Adding the numbers up $36 + $48 + $40 = $124. So we managed to make 24% return. But over what time period? If we can do this in 1 year and repeat for the next 50 years, we are on our way to beat Buffett's record. That's very unlikely, so I would say this is probably achievable over 3 to 5 years. Then we would only barely make 8%pa.

Most investors don't think in terms of 5 years, they take profits off their 20% winning bets way too early, they are not interested in adhering to a Herculean 30% margin of safety (which means they will just buy when they are afraid of "losing out", like everyone who bought tech stocks at the height of the tech bubble, or every Singaporean who rushed in to buy Sky Habitat at the peak of Singapore's property bubble) and obviously they also think that they will lose not 40% but 4% of the time.

Is it then a wonder why only 10% of all investors can actually beat 8-10%pa over time?

Tuesday, October 08, 2013

Ms. Market

This post is rehashed from an old post written many, many years ago.
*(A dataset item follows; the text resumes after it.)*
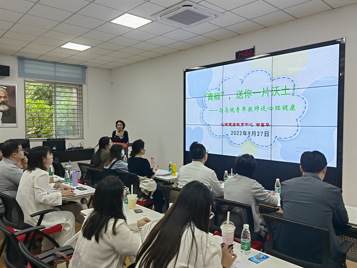 为有效缓解青年教师的心理压力,积极适应大学教师的角色身份,提高青年教师心理健康素质,营造和谐的工作环境,9月27日下午,马克思主义学院在希望大道校区博学楼B109室举办“‘青椒’,送你一片沃土!——与马院青年教师谈心理健康”专题讲座。此次活动特邀学校心理健康教育中心主任韦春华老师主讲,马克思主义学院20多位青年老师参加培训交流。副院长赵迎华主持。
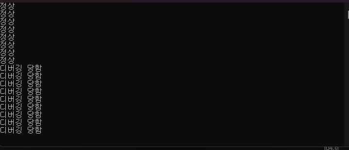 오른쪽으로 진행이되면서 "정상"을 뱉어주고 있다.

The father of value investing, Ben Graham, likes to describe the market as a person who is always ready to buy or sell you a part of his business, but the problem with him is that he is very emotional. And when I say emotional, I don't mean that Taiwanese actress Liu Xue Hua shedding one teardrop from her left eye over some bloke. (kudos to you if you actually know who is Liu Xue Hua).

So what's very emotional? Picture yourself sitting in a roller coaster with some Ah Lian yelling her head off one second and cuddling up to you the next. That kind of emotional. Anyway, let's calls this person Mr. Market. That's how Ben Graham and Warren Buffett calls him. But I think maybe it's more appropriate to call her Ms. Market.
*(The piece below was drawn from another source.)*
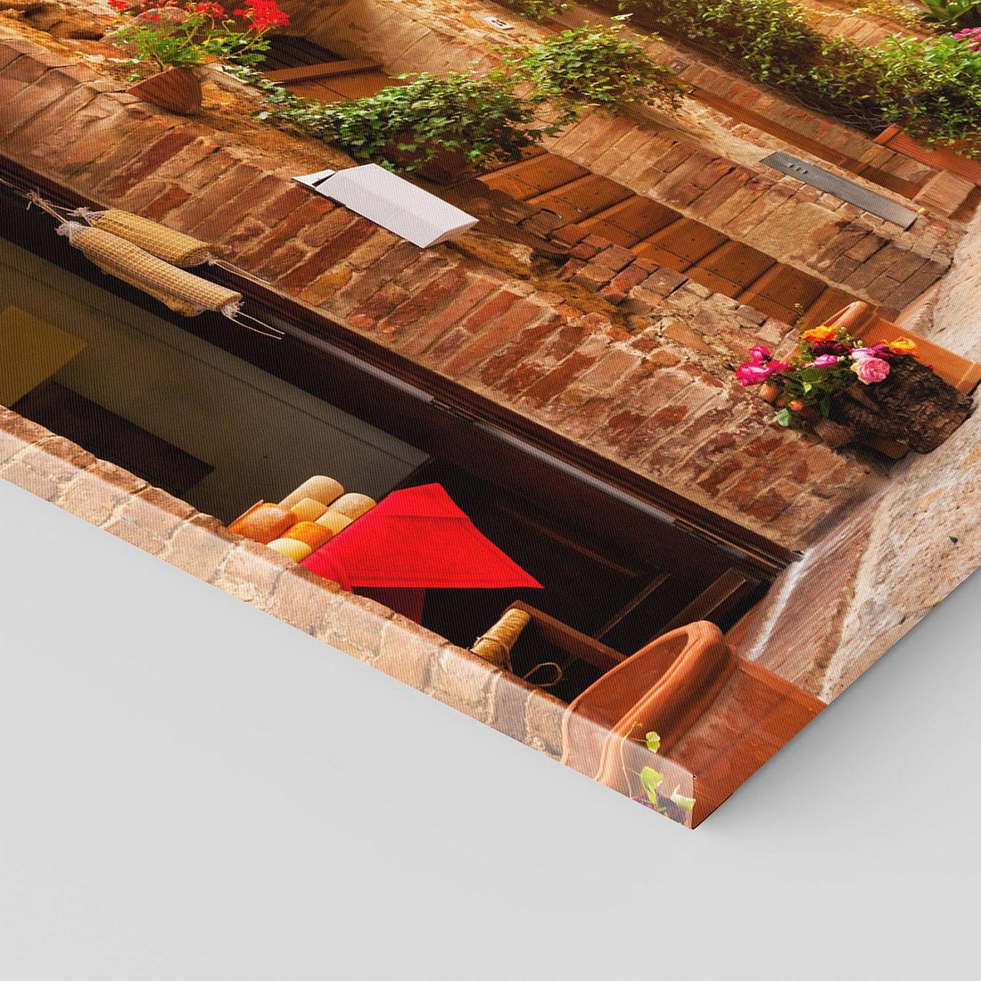 Obraz na płótnie z motywem uliczka, kwiaty, budynki to kwintesencja estetyki i trwałości. Dzięki łatwemu montażowi i uniwersalnemu wzornictwu, czyni go idealnym wyborem zarówno do codziennego użytku, jak i na wyrafinowany prezent.

On some days when Ms. Market is very happy, she sees everything in an optimistic light and she will offer to sell you a part of her business at a very high price. Like Singtel for $5. Or SIA for $20. On other days, she will be all depressed and can see only doom and gloom, and she offer to sell you the same business at a very low price. Lay-Long Lay-Long! Singtel for $2.50, or SIA for $7.50. So as you can tell, Ms. Market is that Ah Lian in a roller coaster, regardless whether anyone is beside her. Screaming her head off. Every day.

You are free to transact with Ms. Market on any particular day, or not transact at all. She will always come back tomorrow and quote you a different price. Depending on her mood, the prices will be all over the place. You are free to take advantage of her, and buy a good business cheaply from her on her down days, or sell back to her a bad business at a dear price when she is feeling on the top of the world.
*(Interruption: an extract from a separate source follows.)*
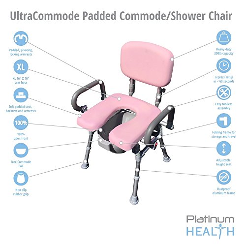 Studio : Platinum Health Publisher : Platinum Health Binding : Health and Beauty Product Description What good is a commode with no access to the perineal area? Virtually every old-style, economy commode sold on the market today has this critical design flaw. For proper cleaning, users require an open, unobstructed front. Users also require a seat base dimension and a "distance between the armrests" dimension that allows for some body movement. Almost all commodes available today ARE TOO SMALL. Only the UltraCommode Foldable Commode addresses all of these issues and more. Designed for users who value quality, safety, comfort and convenience over price, the UltraCommode is the perfect choice for users and caregivers who require a versatile, multi-use chair that can be used in a number of different toileting and bathing scenarios. Unlike old-style, cold, hard plastic seating surfaces, the UltraCommode is equipped with premium padded, super-comfortable, easy-to-clean seat surface, armrests and backrest. The adjustable seat height allows the chair to safely accommodate any user. Pivoting armrests allow for even greater access to the body and help make transfers on and off the chair quick and easy. Folding and unfolding the chair can be accomplished in less than 60 seconds without tools making storage and travel a breeze. This premium chair can be used as a standalone commode and includes a FREE plastic commode pail. IT IS ALSO DESIGNED TO BE USED AS A SHOWER CHAIR- 2 PRODUCTS IN 1! The premium foam padding will not absorb water and the robust, heavy duty aluminum frame will never rust. Platinum Health products are commercial grade and guaranteed for life. They are used in hospitals, senior living facilities and homecare settings worldwide. Order this best-in-class commode/shower chair today to make toileting and bathing easier, safer and more comfortable than ever. Max. 300lbs. IMPORTANT! THIS IS A BEDSIDE COMMODE/SHOWER CHAIR- IT IS NOT INTENDED TO BE USED OVER A TOILET- IT WILL NOT FIT. A TOILET COMPATIBLE VERSION IS HERE: https://www.amazon.com/dp/B011LEH 0

However, you should never be influenced by her mood, i.e. you too, start feeling super happy on days when she is on a high (i.e. you imagine yourself sitting on that emotional roller coaster with her), and buy a lousy business from her at a high price. Millions of individual investors never understood this, so they never took advantage to buy a good business at a cheap price from Ms. Market when she is feeling sad, but instead, only buy from her when she is bright and sunny and offers to sell Singtel at $15 and SIA at $20.

PS: Singtel trades at $3.50 and SIA trades at $10 currently (in late 2013).